**About this task:**
Filter the entries for the word "with". Copy each line that has it.

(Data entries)
◇ ◇ ◇ ◇
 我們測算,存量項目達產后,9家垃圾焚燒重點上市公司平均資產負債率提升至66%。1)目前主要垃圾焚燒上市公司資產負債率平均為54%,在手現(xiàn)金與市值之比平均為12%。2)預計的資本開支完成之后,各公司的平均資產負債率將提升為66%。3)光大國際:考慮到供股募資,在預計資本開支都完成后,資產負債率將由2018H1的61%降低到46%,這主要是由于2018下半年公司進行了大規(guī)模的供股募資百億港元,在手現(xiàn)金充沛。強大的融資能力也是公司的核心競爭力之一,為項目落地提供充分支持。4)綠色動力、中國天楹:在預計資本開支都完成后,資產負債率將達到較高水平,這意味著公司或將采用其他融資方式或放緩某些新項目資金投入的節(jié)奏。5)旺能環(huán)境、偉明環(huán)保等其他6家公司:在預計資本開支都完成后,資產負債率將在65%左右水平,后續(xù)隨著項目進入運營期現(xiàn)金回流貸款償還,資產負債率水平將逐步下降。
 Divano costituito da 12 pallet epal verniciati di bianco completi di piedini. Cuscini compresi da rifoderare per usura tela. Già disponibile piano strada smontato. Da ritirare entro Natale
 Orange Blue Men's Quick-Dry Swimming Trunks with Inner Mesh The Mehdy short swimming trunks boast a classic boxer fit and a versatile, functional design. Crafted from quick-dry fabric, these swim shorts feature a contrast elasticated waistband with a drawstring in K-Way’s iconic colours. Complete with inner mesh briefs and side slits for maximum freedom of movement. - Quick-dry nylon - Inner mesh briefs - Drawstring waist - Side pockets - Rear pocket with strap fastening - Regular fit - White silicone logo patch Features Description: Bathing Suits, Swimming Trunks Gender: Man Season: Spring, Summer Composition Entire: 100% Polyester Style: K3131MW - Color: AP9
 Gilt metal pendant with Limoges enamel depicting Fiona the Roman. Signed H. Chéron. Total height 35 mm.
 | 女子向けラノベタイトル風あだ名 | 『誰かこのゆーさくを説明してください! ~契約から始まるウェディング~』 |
◇ ◇ ◇ ◇
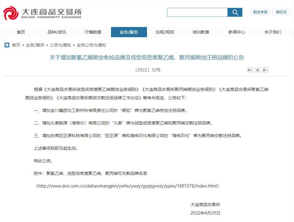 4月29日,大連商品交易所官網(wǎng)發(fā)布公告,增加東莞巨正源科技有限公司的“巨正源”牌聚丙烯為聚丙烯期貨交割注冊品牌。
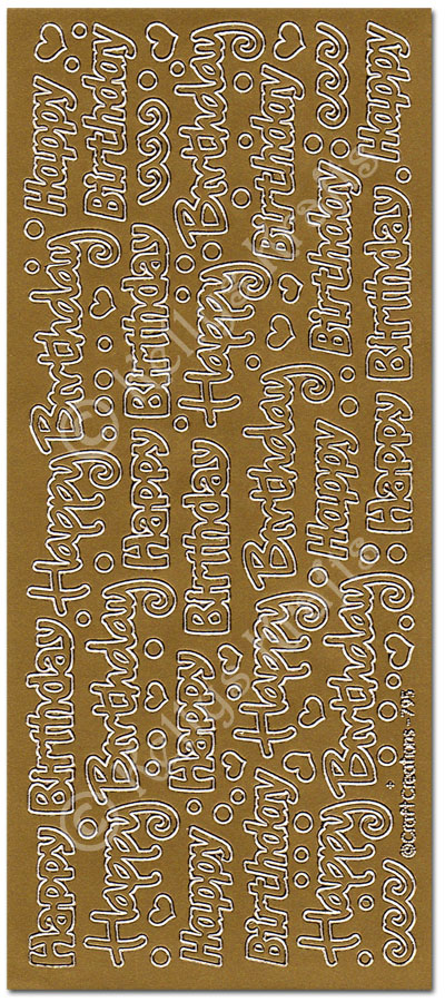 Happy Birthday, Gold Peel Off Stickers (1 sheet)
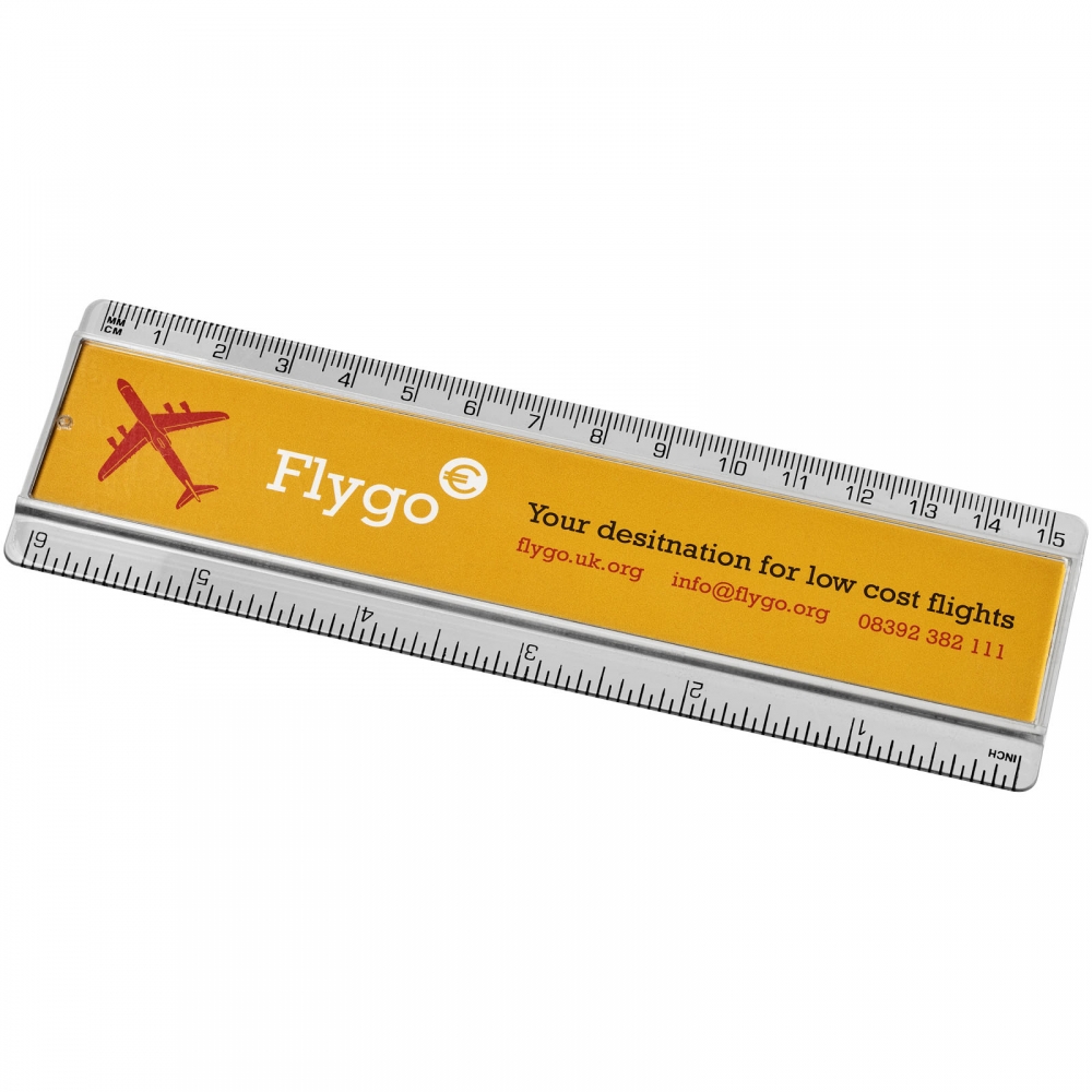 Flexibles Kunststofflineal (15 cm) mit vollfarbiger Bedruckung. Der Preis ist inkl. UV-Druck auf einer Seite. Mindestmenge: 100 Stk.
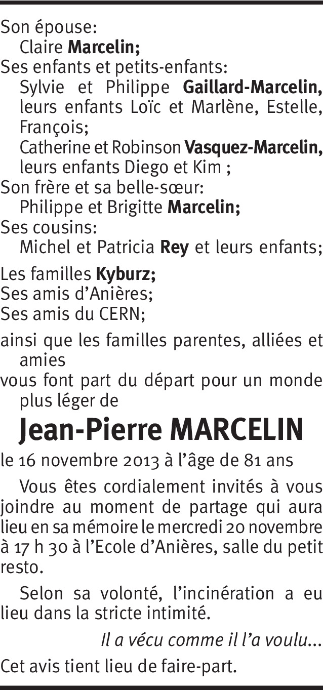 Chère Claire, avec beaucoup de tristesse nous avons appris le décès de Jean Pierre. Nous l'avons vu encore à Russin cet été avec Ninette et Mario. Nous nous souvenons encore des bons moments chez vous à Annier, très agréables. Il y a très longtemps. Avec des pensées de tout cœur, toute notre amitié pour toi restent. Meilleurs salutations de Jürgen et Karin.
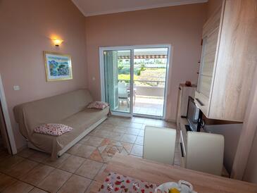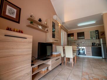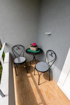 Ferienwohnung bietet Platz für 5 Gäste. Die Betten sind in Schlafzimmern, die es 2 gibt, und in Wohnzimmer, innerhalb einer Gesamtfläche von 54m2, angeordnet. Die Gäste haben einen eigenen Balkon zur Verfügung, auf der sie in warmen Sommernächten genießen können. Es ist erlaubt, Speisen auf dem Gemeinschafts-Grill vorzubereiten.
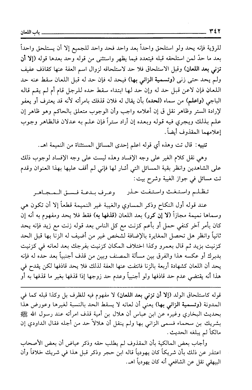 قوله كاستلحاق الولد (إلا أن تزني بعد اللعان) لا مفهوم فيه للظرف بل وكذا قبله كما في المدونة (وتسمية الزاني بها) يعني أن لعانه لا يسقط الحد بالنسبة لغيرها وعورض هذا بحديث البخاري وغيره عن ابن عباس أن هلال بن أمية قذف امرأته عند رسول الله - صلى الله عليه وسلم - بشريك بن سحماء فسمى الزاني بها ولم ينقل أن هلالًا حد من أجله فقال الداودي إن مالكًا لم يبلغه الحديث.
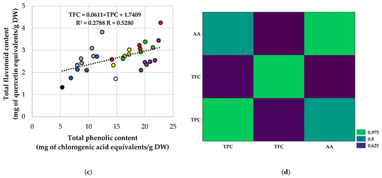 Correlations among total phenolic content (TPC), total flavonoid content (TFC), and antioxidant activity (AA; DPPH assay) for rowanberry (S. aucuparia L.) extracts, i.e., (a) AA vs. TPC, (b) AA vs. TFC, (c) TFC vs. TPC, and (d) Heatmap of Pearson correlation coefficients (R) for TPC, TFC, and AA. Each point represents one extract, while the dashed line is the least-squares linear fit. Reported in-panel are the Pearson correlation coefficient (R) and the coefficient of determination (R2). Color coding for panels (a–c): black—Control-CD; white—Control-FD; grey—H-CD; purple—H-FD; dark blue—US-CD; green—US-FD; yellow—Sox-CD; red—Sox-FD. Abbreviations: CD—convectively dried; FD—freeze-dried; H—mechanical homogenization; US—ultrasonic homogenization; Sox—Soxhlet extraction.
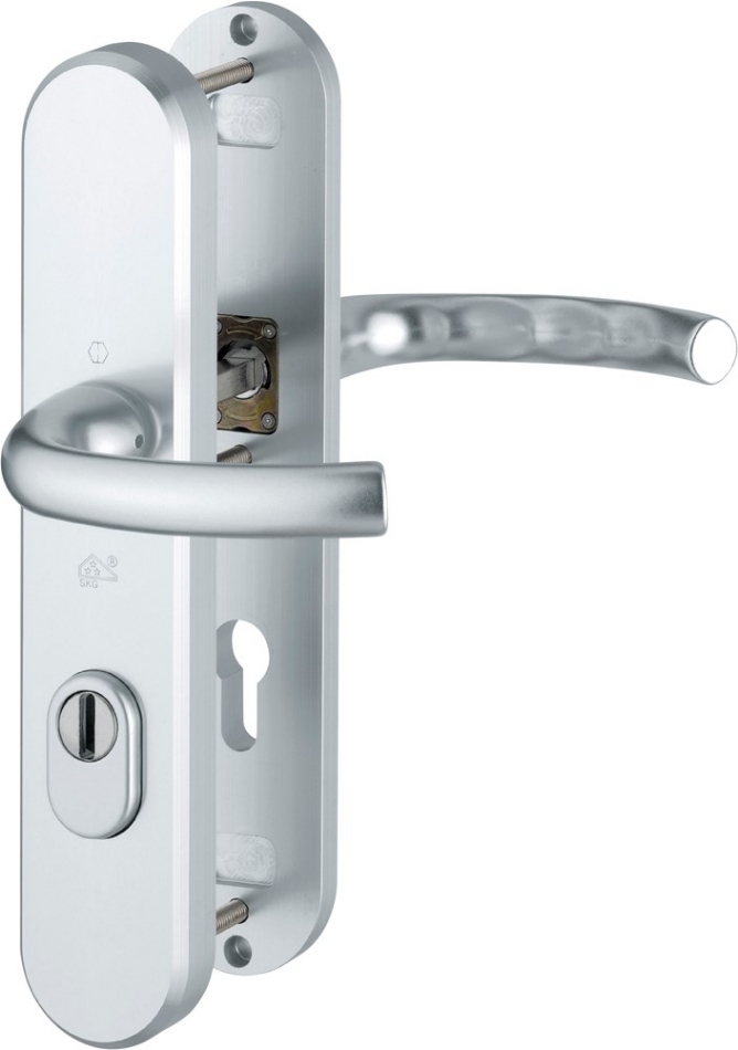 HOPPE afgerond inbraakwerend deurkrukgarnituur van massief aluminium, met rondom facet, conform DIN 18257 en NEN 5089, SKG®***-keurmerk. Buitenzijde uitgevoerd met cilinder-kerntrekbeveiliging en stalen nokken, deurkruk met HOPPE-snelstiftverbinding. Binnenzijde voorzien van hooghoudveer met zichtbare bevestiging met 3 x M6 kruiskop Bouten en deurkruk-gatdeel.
◇ ◇ ◇ ◇
**Answer to this exercise:**
 Orange Blue Men's Quick-Dry Swimming Trunks with Inner Mesh The Mehdy short swimming trunks boast a classic boxer fit and a versatile, functional design. Crafted from quick-dry fabric, these swim shorts feature a contrast elasticated waistband with a drawstring in K-Way’s iconic colours. Complete with inner mesh briefs and side slits for maximum freedom of movement. - Quick-dry nylon - Inner mesh briefs - Drawstring waist - Side pockets - Rear pocket with strap fastening - Regular fit - White silicone logo patch Features Description: Bathing Suits, Swimming Trunks Gender: Man Season: Spring, Summer Composition Entire: 100% Polyester Style: K3131MW - Color: AP9
 Gilt metal pendant with Limoges enamel depicting Fiona the Roman. Signed H. Chéron. Total height 35 mm.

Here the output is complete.